• _EXTRACTED DATA_
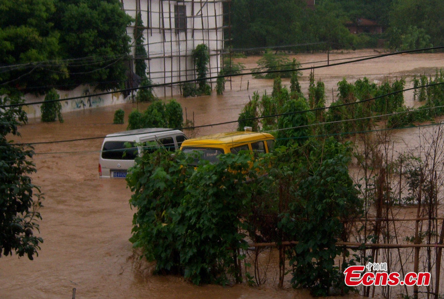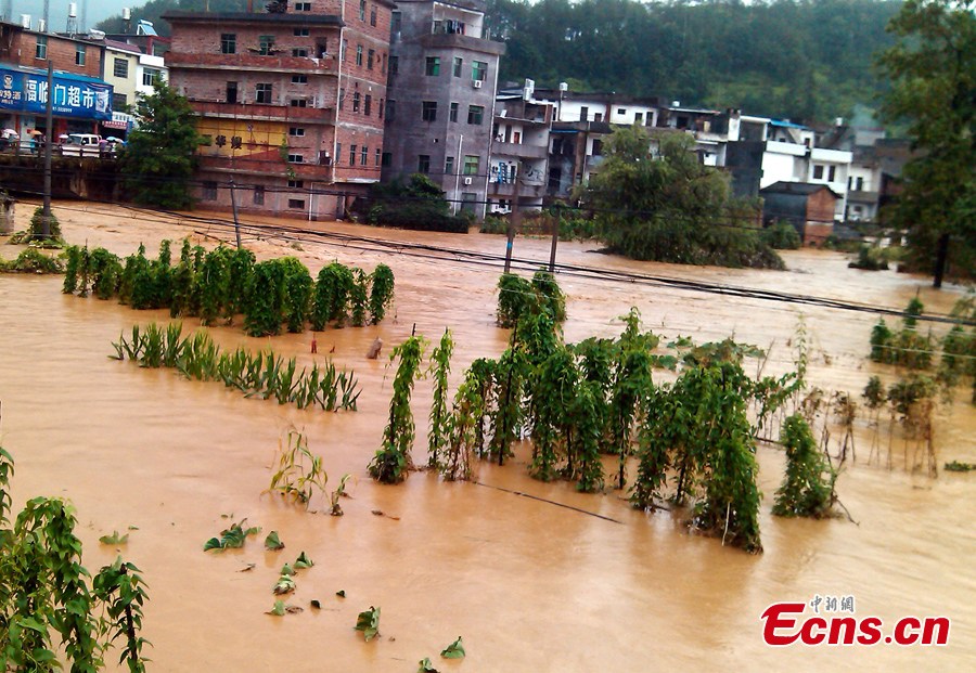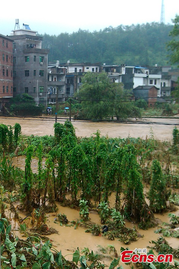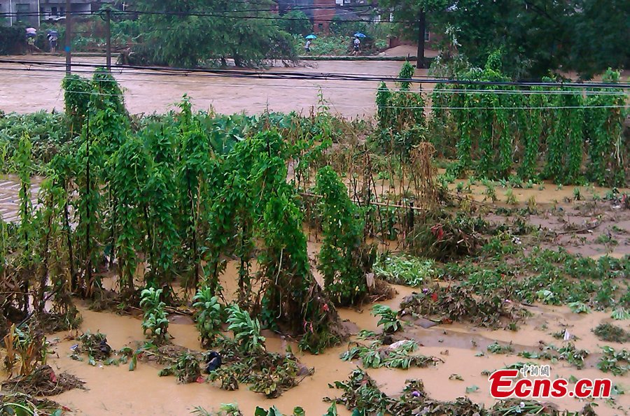 Photo taken on July 14, 2013 shows a waterlogged vegetable garden in Jun Village, Xingguo County, Ganzhou, Jiangxi Province. Typhoon Soulit-triggered rainstorms battered some parts of the province from Sunday morning, flooding many roads and farmlands. The seventh typhoon arrived in Jiangxi at 4 am on Sunday. [Photo: CNS/Zhong Mengqian]
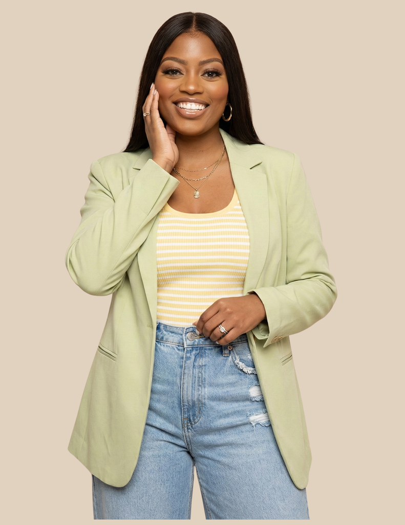 Elevate your everyday style with the Pretty Power Blazer. This soft sage women’s blazer features a clean tailored silhouette that layers effortlessly over statement tees, skirts, or denim. Designed for confident, modern women who want a polished look with purpose.
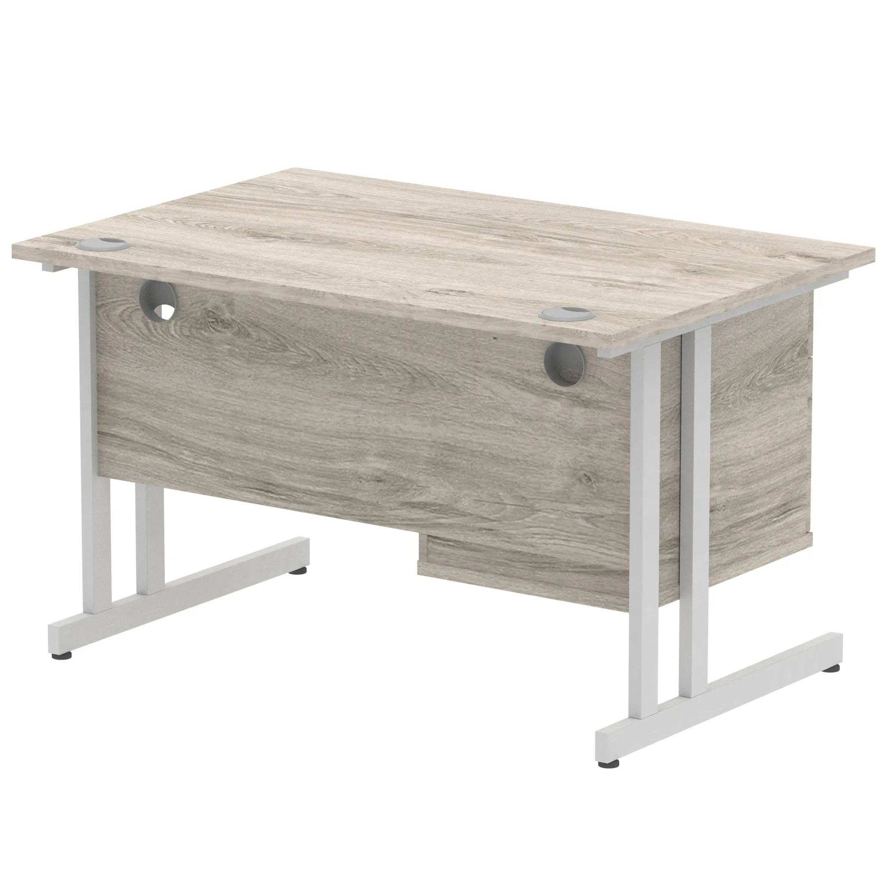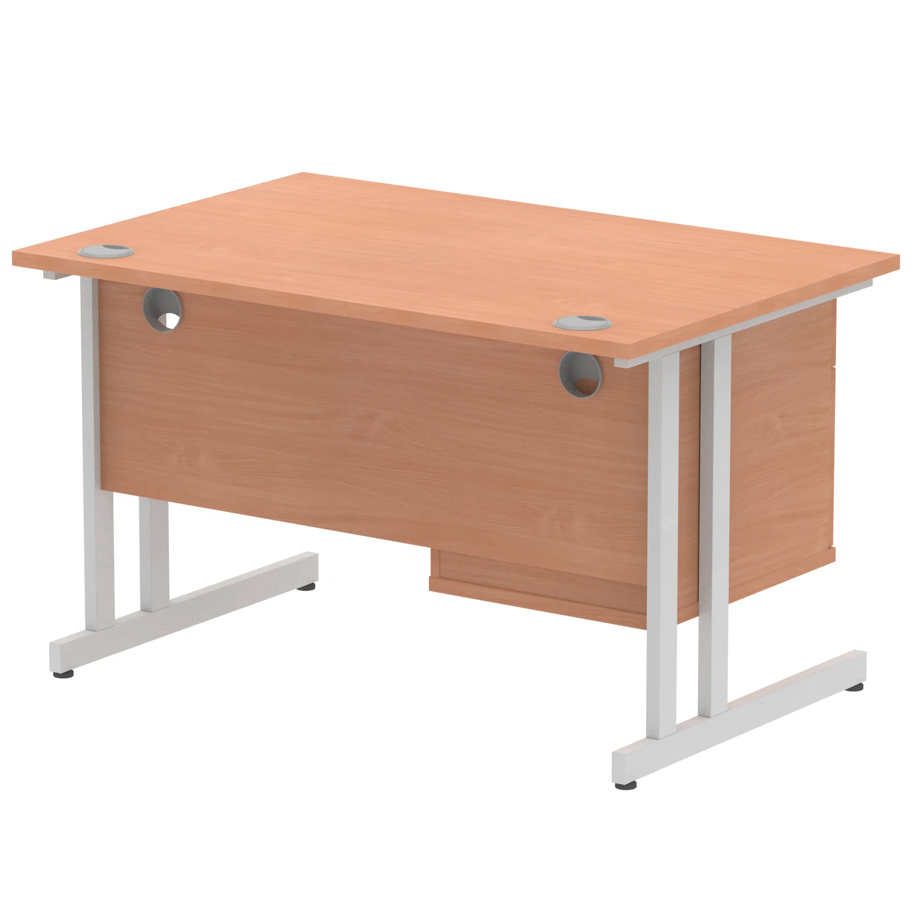 • Impulse contract 1200 wide desk • 25mm tops • Heat resistant Beech melamine finish • 18mm modesty panels • 2mm protective abs edging • White coated double strut legs • 2 cable ports • Height adjustable feet • Steel to steel fixings • 2 modesty panels slots • Deep set modesty panel (5”) allows for compatibility of most screen clamp fittings • Fixed pedestal
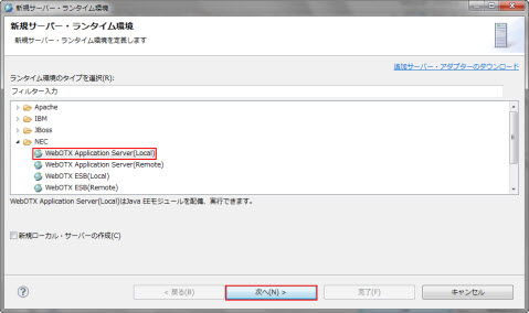 WebOTX Developer's Studioには、アプリケーションのデバッグ/テスト用に評価版 WebOTX Application Server Expressを同梱しており、
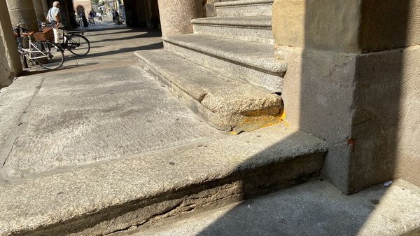 La scalinata del municipio perde i pezzi ma non è colpa dell’età
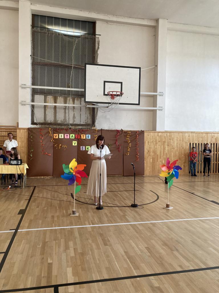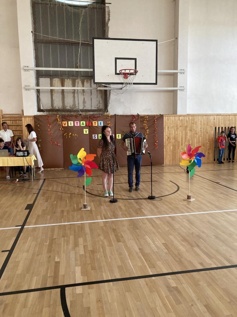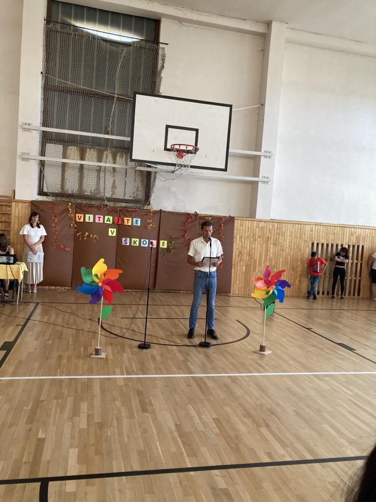 Všetkých srdečne privítala pani riaditeľka Mgr. Miroslava Juhásová, prihovoril sa aj pán starosta Ing. Milan Lištiak a o kultúrny program sa spevom a hudbou postarali  rodičia nášho prváčika, Matúš Ilavský so Zuzkou Užíkovou, a básničkou  tretiačky.

• _WHAT YOU WILL DO_
The finished copy should match the data above word for word and contain no pictures.

• _REPLY_
 Photo taken on July 14, 2013 shows a waterlogged vegetable garden in Jun Village, Xingguo County, Ganzhou, Jiangxi Province. Typhoon Soulit-triggered rainstorms battered some parts of the province from Sunday morning, flooding many roads and farmlands. The seventh typhoon arrived in Jiangxi at 4 am on Sunday. [Photo: CNS/Zhong Mengqian]
 Elevate your everyday style with the Pretty Power Blazer. This soft sage women’s blazer features a clean tailored silhouette that layers effortlessly over statement tees, skirts, or denim. Designed for confident, modern women who want a polished look with purpose.
 • Impulse contract 1200 wide desk • 25mm tops • Heat resistant Beech melamine finish • 18mm modesty panels • 2mm protective abs edging • White coated double strut legs • 2 cable ports • Height adjustable feet • Steel to steel fixings • 2 modesty panels slots • Deep set modesty panel (5”) allows for compatibility of most screen clamp fittings • Fixed pedestal
 WebOTX Developer's Studioには、アプリケーションのデバッグ/テスト用に評価版 WebOTX Application Server Expressを同梱しており、
 La scalinata del municipio perde i pezzi ma non è colpa dell’età
 Všetkých srdečne privítala pani riaditeľka Mgr. Miroslava Juhásová, prihovoril sa aj pán starosta Ing. Milan Lištiak a o kultúrny program sa spevom a hudbou postarali  rodičia nášho prváčika, Matúš Ilavský so Zuzkou Užíkovou, a básničkou  tretiačky.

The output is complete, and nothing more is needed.